In November, world leaders will meet in Glasgow for the 26th UN Climate Change Conference (COP26). Their mission is to reach a consensus on how to increase climate ambition and accelerate the global energy transition in the 2020s. This means setting in place changes in technologies and infrastructure to secure significant emissions reductions before 2030 and enable further emissions cuts in the following decades. The global steel sector will play a vital role in this transformation.
The 2020s will be a crucial decade for the transformation of the global steel sector. Two key facts underline this. More than 70% of existing coal-fired blast furnaces – comprising 2.4 million jobs and around 2.2 Gt of carbon emissions – will reach the end of their lifetimes by 2030. At the same time, emerging economies are currently building new coal-based steelmaking capacity to meet rapidly rising steel demand.

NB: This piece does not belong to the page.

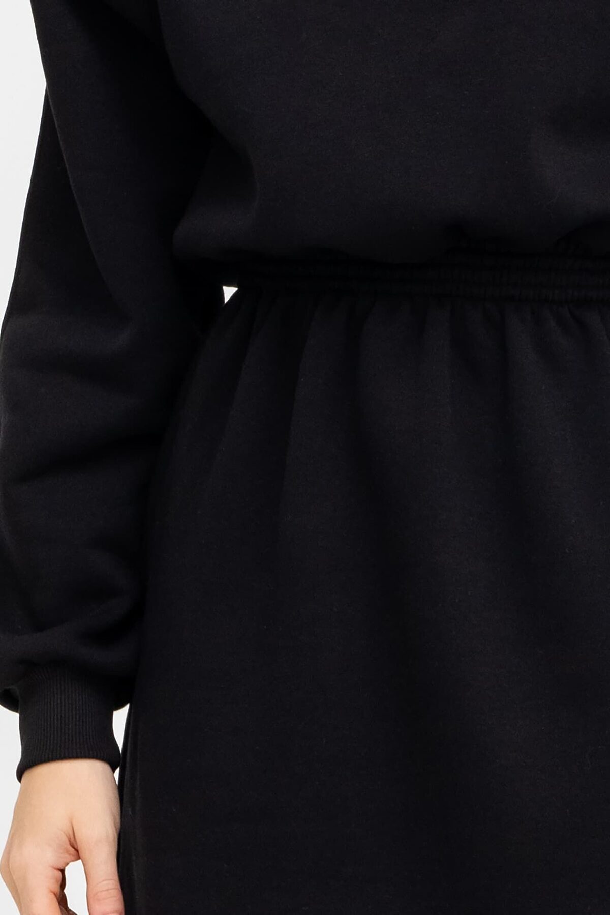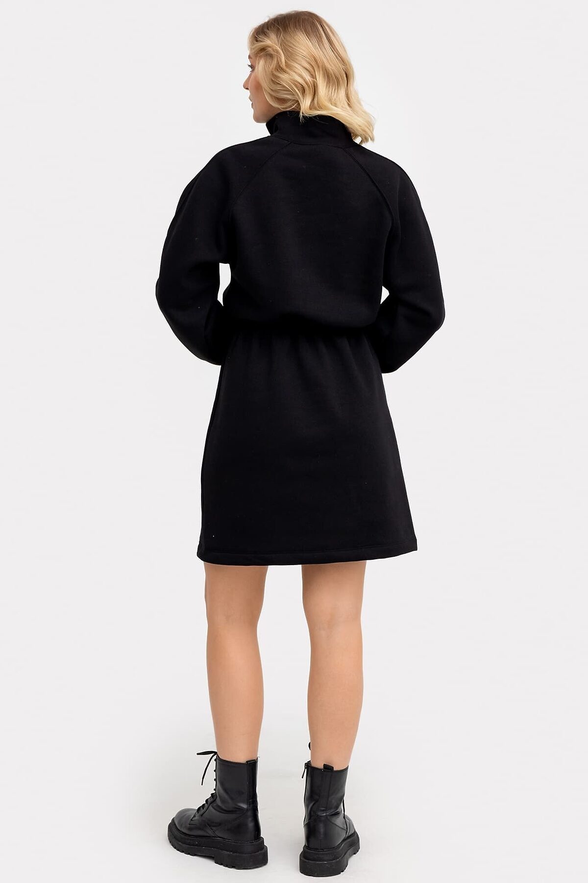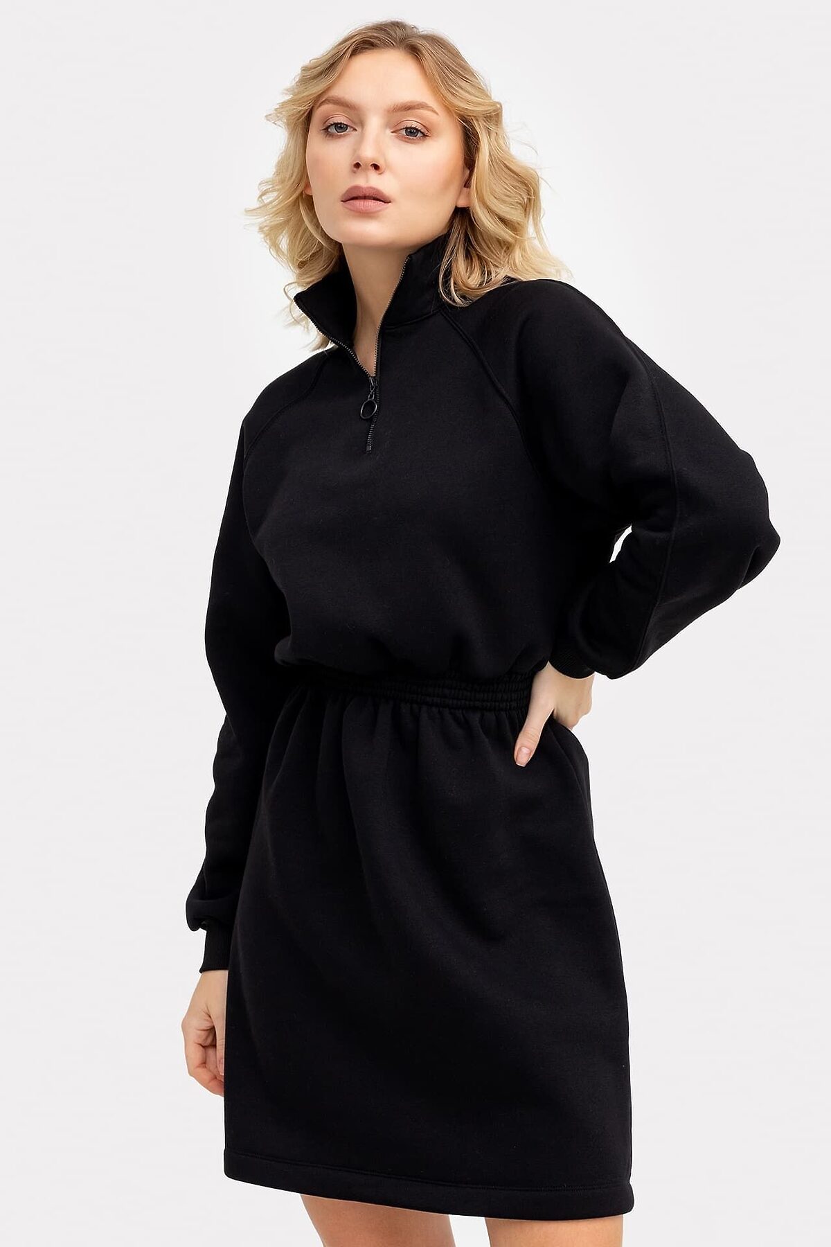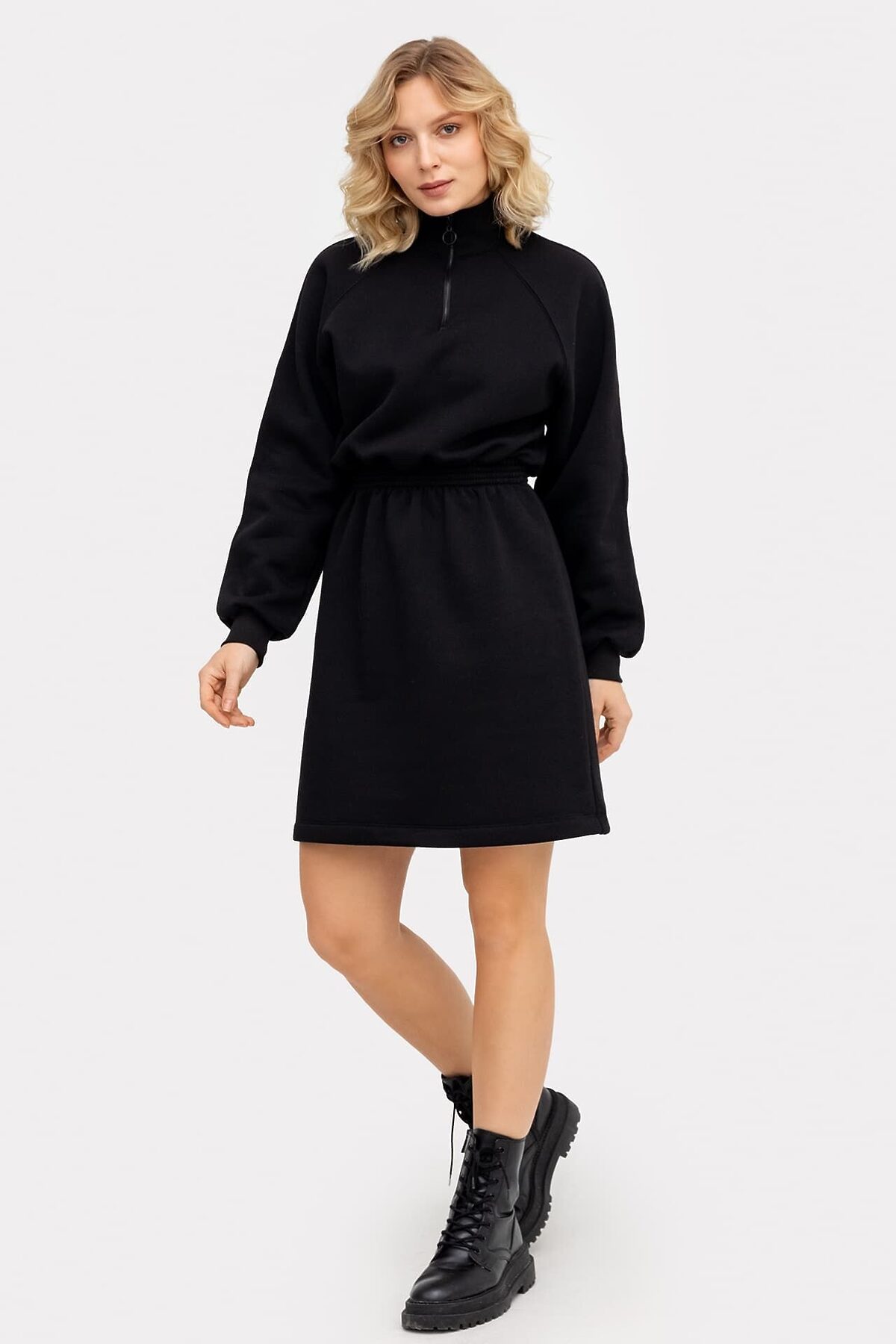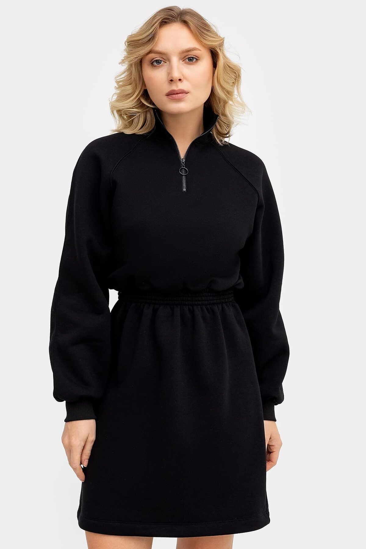 Стильное женское платье длины мини из нежного и приятного к телу трикотажного футера. Силуэт свободный, вырез круглый, с воротником-стойкой. Рукава длинные и объемные, на манжетах. По шее проходит вертикальная застежка-молния. Эластичная тесьма в поясе с декоративными строчками акцентирует внимание на талии.

If all these (re)investment decisions continue to rely on coal-based steelmaking technologies, the outcome will be long-term carbon lock-in. And “bailing out” coal-based assets by retroactively equipping them with CCS after 2030 is a highly risky bet.
Instead, the global steel sector must use the 2020s to invest massively in low-carbon steelmaking technologies such as direct reduced iron and electric arc furnaces. This paper examines the challenges of and options for steelmaking asset transformation in a variety of countries. It is the first in a series of Agora Industry publications on the global steel transformation.